Figure 3. Flow diagram with the number of patients with different outcomes.
The cases' baseline characteristics were proteinuria of 11.2+/-2.9 gm/day, serum albumin of 2.2+/-0.3 g/dL, and serum creatine of 1.5+/-1.5 mg/dL (Table 1). The incidence of individuals with or without renal impairment was established by taking the arbitrary serum creatinine value of 1.2 mg/dl as the threshold for renal dysfunction. Renal dysfunction was observed in 22% (n=8). On renal biopsy, four (11%) had acute interstitial nephritis (AIN), two (5.5%) had acute tubular injury (ATI), and two (5.5%) had combined AIN and ATI.
Table 1. Baseline characteristics of primary MN patients (n=36).
The data has been represented as number (n), percentage (%), and mean ± standard deviation (SD).
MN: membranous nephropathy; PLA2R: phospholipase A2 receptor
| Clinical parameters | n | Percentage (%) |
| Age, years (mean ± SD) | 47 ± 11.7 | NA |
| Male | 26 | 62.3 |
| Female | 10 | 27.7 |
| Hypertension | 14 | 38.8 |
| Edema | 35 | 97 |
| Oliguria | 7 | 19.5 |
| Microscopic hematuria | 10 | 28 |
| Venous thromboembolism | 4 | 11.1 |
| Nephrotic syndrome | 35 | 97 |
| Renal dysfunction | 8 | 22 |
| Serum creatinine, mg/dl (mean ± SD) | 1.5 ± 1.5 | NA |
| Serum albumin, g/dl (mean ± SD) | 2.2 ± 0.3 | NA |
| Proteinuria, g/24 hours (mean ± SD) | 11.2 ± 2.9 | NA |
| Serum cholesterol, mg/dl (mean ± SD) | 329 ± 29 | NA |
| PLA2R positive | 28 | 78 |
Of 36 patients with primary MN, 40% (n=14) were started on an MP regimen at the time of detection due to massive proteinuria or other complications like acute kidney injury or venous thromboembolism. Rest (22 patients (60%)) were initially managed conservatively with antiproteinuric measures. Among those managed conservatively, five patients (22.7%) achieved spontaneous remission within six months, and the rest (17 patients (77.2%)) were started on an MP regimen.
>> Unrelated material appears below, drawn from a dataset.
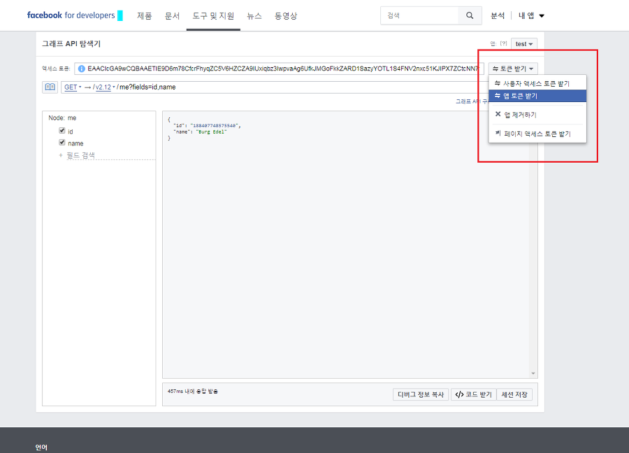 10. 스크린 샷과 같이 앱 액세스 토큰이 발급되었다면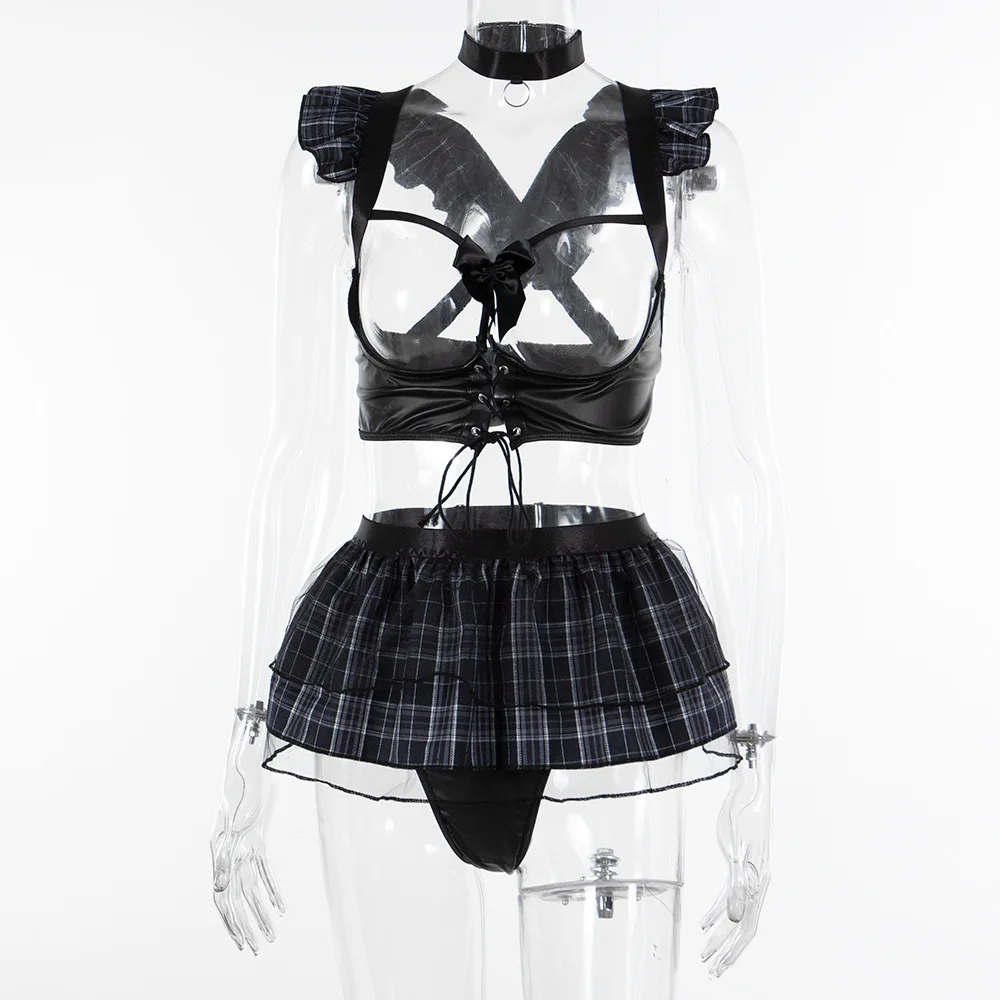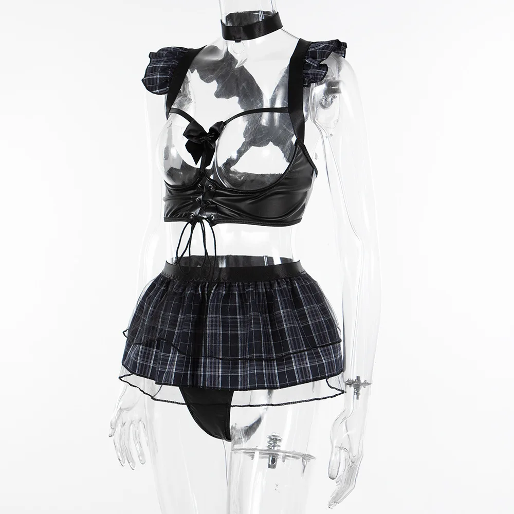 Ellolace Plaid Porn Sexy Lingerie Layered Skirt Cosplay Sexy Peekaboo Bra Sets Latex Lace Up Sissy Costumes Seductive Underwear

We observed that patients who developed spontaneous remission had significantly lower baseline proteinuria (p<0.001), higher baseline serum albumin (p<0.001), and PLA2R negativity in biopsy specimens (p=0.04) than those who did not have spontaneous remission. Two out of five patients (40%) with spontaneous remission had PLA2R positivity in the biopsy specimen compared to 24 out of 31 patients (77%) without spontaneous remission (Table 2).
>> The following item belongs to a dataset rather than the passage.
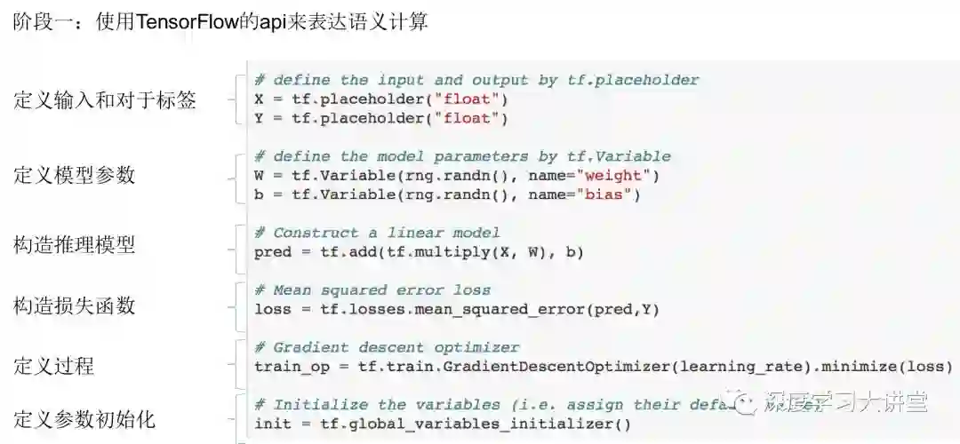 阶段一:组装一个计算图,这里只是用TF的api来表达计算模型,生成的是一个静态图,图由计算的节点以及节点之间的连接表示,这个阶段只是静态的表示了计算,因此得不到任何实际的计算值。

Table 2. Factors associated with spontaneous remission.
The data has been represented as mean ± standard deviation (SD) and percentage (%).
PLA2R: phospholipase A2 receptor
| Spontaneous remission | Yes (n=5) | No (n=17) | p |
| Proteinuria, g/24 hours (mean ± SD) | 6.8 ± 3.1 | 10.9 ± 4.5 | <0.001 |
| Serum albumin, g/dl (mean ± SD) | 2.8 ± 0.6 | 2.3 ± 0.5 | <0.001 |
| PLA2R positive in biopsy specimen (%) | 40 | 77 | 0.04 |
Of the 31 patients treated with the MP regimen, 23 (74.2%) achieved partial or complete remission. Patients who achieved partial or complete remission to the MP regimen had significantly lower baseline proteinuria than those who did not respond to therapy (p=0.018). Remission to the MP regimen is not associated with serum albumin (p=0.91) or PLA2R positivity (p=1.1). Twenty out of the 23 patients (87%) with treatment remission had PLA2R positivity on biopsy specimens compared to 6 out of the 8 patients (75%) who were treatment-resistant (Table 3).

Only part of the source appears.